Elaine Stritch canta «Broadway baby» nos 75 anos de Sondheim.

segunda-feira, 26 de julho de 2010

Wolfboy


Está em cena nos "Trafalgar Studios" em Londres até ao final deste mês o musical "Wolfboy", sobre dois adolescentes detidos num sanatório; Bernie, o típico "golden boy", por tentativa de suicídio; David, um meliante de rua, por se julgar um lobo. A relação que se vai criando entre os dois cruza-se com as visitas do irmão do primeiro e com a jovem enfermeira que os assiste (e que se envolve com o irmão, com o dilema ético associado). A peça lida com temas de desajuste, abuso, solidão e demência, com a vertente musical particularmente bem conseguida; baseia-se numa peça do canadiano Brad Fraser, e entrou para a "história" do entretenimento contemporâneo por ser a primeira interpretação em palco de Keanu Reeves (em 1984).

A adaptação musical tem música e letra de Leon Parris, com libretto de Russell Labey, que também dirige. Apresentada o ano passado no teatro Tabard em Chiswick, foi estreada no Fringe Festival de Edinburgo e chegou ao West End para uma temporada limitada no início de Julho.

O elenco conta com Daniel Boys (recentemente visto em "Avenue Q"), Gregg Lowe, Paul Holowaty e Emma Rigby.

Paul Holowaty (David) e Gregg Lowe (Bernie)

O musical funciona muito bem; cativa a audiência, choca e arrepia q.b., e as vozes estão geralmente à altura do desafio, sendo que no dueto entre Boys e Lowe os pulmões do primeiro tendem a ofuscar os talentos do segundo (sendo que as actuações são uniformemente sólidas). O espaço, um estúdio em que a audiência está literalmente a um passo dos actores, ajuda a criar um ambiente de proximidade e alguma claustrofobia; os diálogos são bem conseguidos e as músicas são muito boas. Existem alguns pequenos ajustes que se poderiam fazer para melhorar a peça como um todo (a inexistência da médica com quem o irmão conversa e que ajuda ao entendimento dos problemas cria alguma descontinuidade na história) mas como nota final é um musical altamente recomendado.

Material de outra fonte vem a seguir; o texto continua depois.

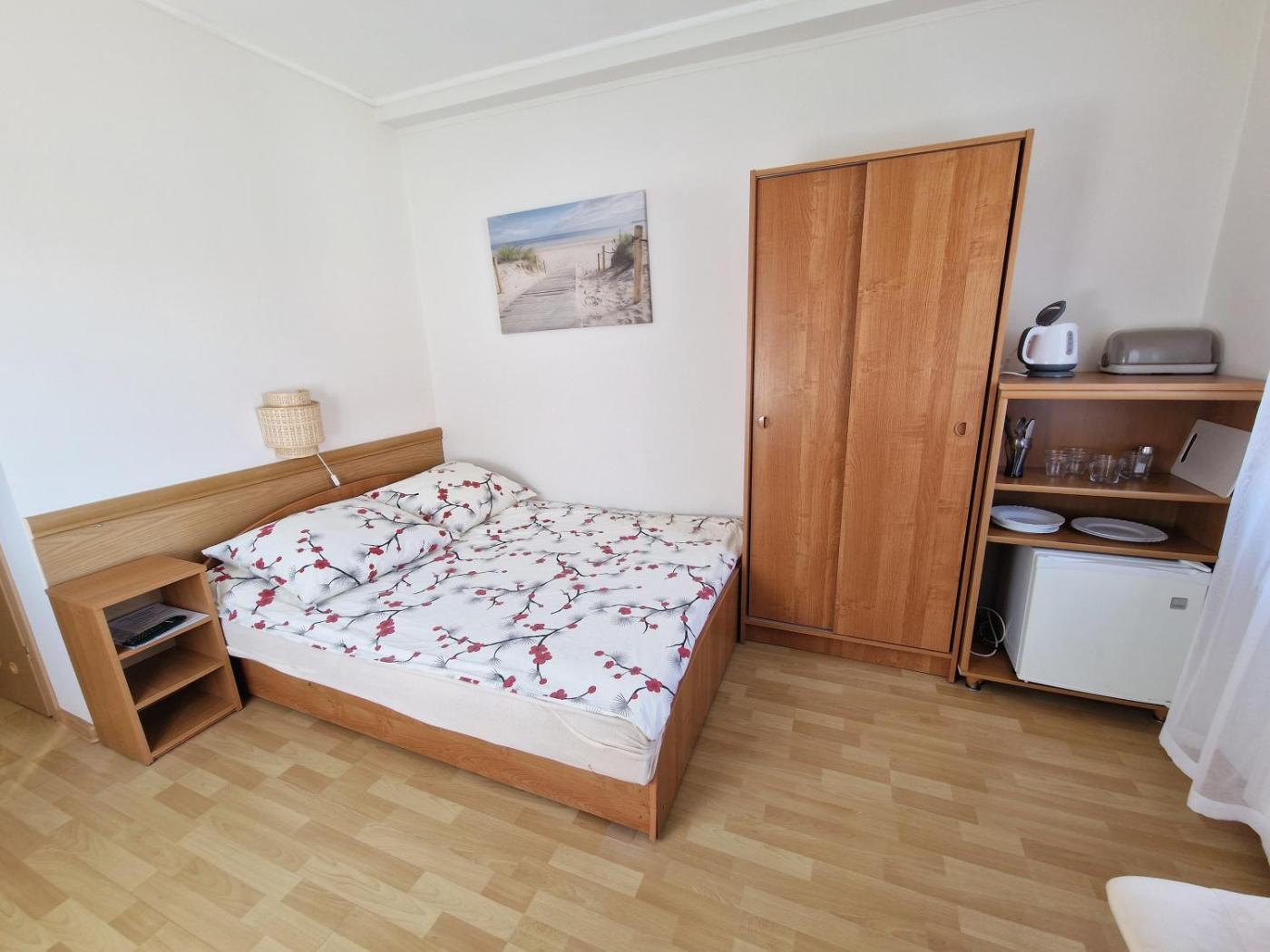 Pokój czteroosobowy z tarasem. The quadruple rooms kitchenette, which features a refrigerator, is available for cooking and storing food. The quadruple room provides a private entrance, a tea and coffee maker, a terrace with garden views as well as a private bathroom featuring a shower. The unit offers 3 beds. Powierzchnia pokoju ok.: 25 mkw.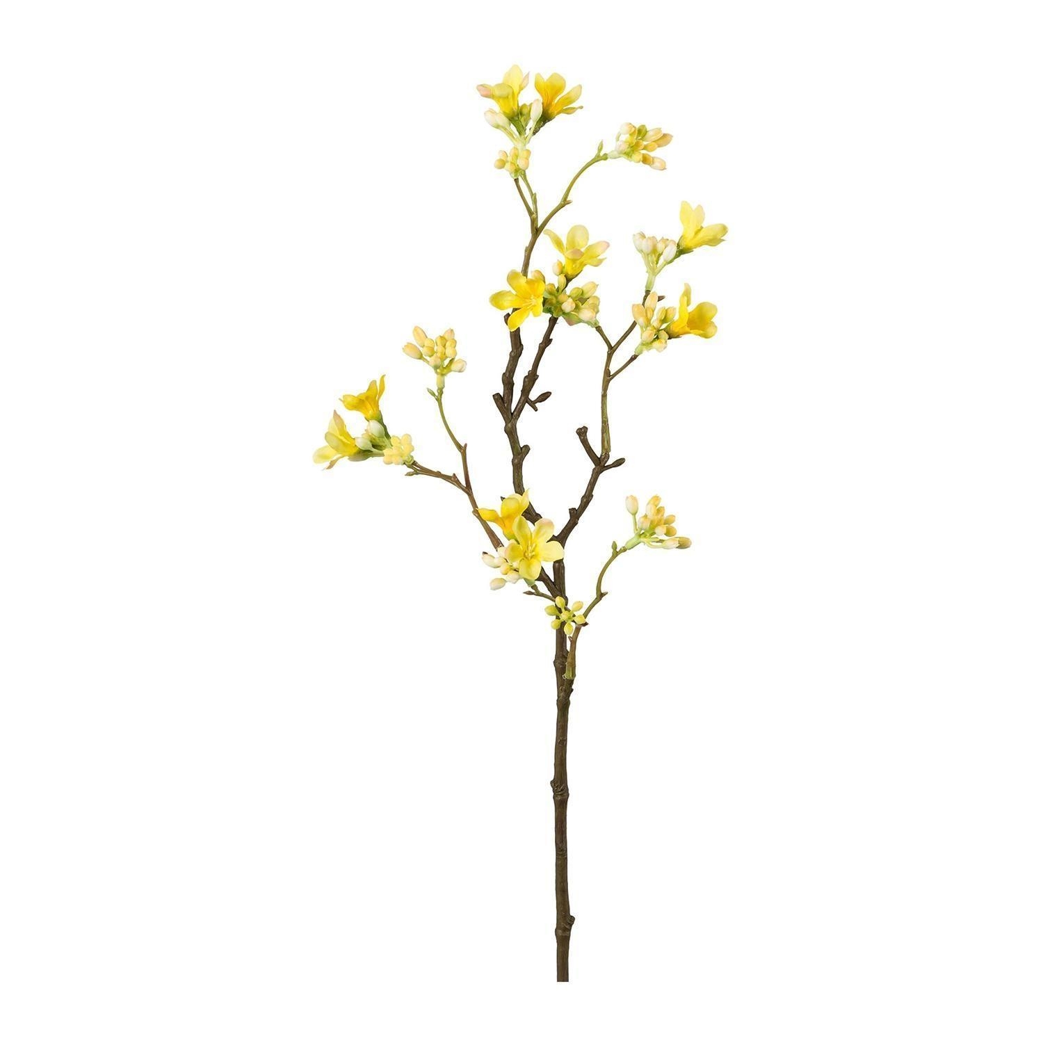 Die Kunstpflanze Scheinquittenzweig SASSA ist als naturgetreue Nachbildung in Braun gestaltet. Dieser künstliche Zweig ist mit gelben Blüten versehen, wobei jede einzelne Blüte einen Durchmesser von 2 cm hat. Das Dekoelement besteht aus Kunststoff und besitzt eine Höhe von 51 cm. Aufgrund der Materialwahl bleibt dieser Kunststoffzweig dauerhaft formstabil und erfordert keine pflegerischen Maßnahmen. Diese künstliche Pflanze dient als langlebiges Element für dekorative Zwecke und kann durch die detaillierte Verarbeitung der Blüten als eigenständiges Objekt oder in Gestecken genutzt werden.

O CD felizmente existe; infelizmente tem apenas quatro canções; está disponível na Dress Circle (http://www.dresscircle.co.uk/).

sábado, 15 de maio de 2010

O “return” de Julie Andrews (4/4): o capital de estima

Julie Andrews é adorada pelo mundo fora, como se evidenciou pelo fluxo de gente que acorreu à O2 e se consegue comprovar numa pesquisa rápida pela internet, com devoção expressa por figuras como Rupert Everett ou, como sumariza o site “popeater.com”, “[S]he can just make everyone feel alright. ... She was great, and all her real fans will love her forever.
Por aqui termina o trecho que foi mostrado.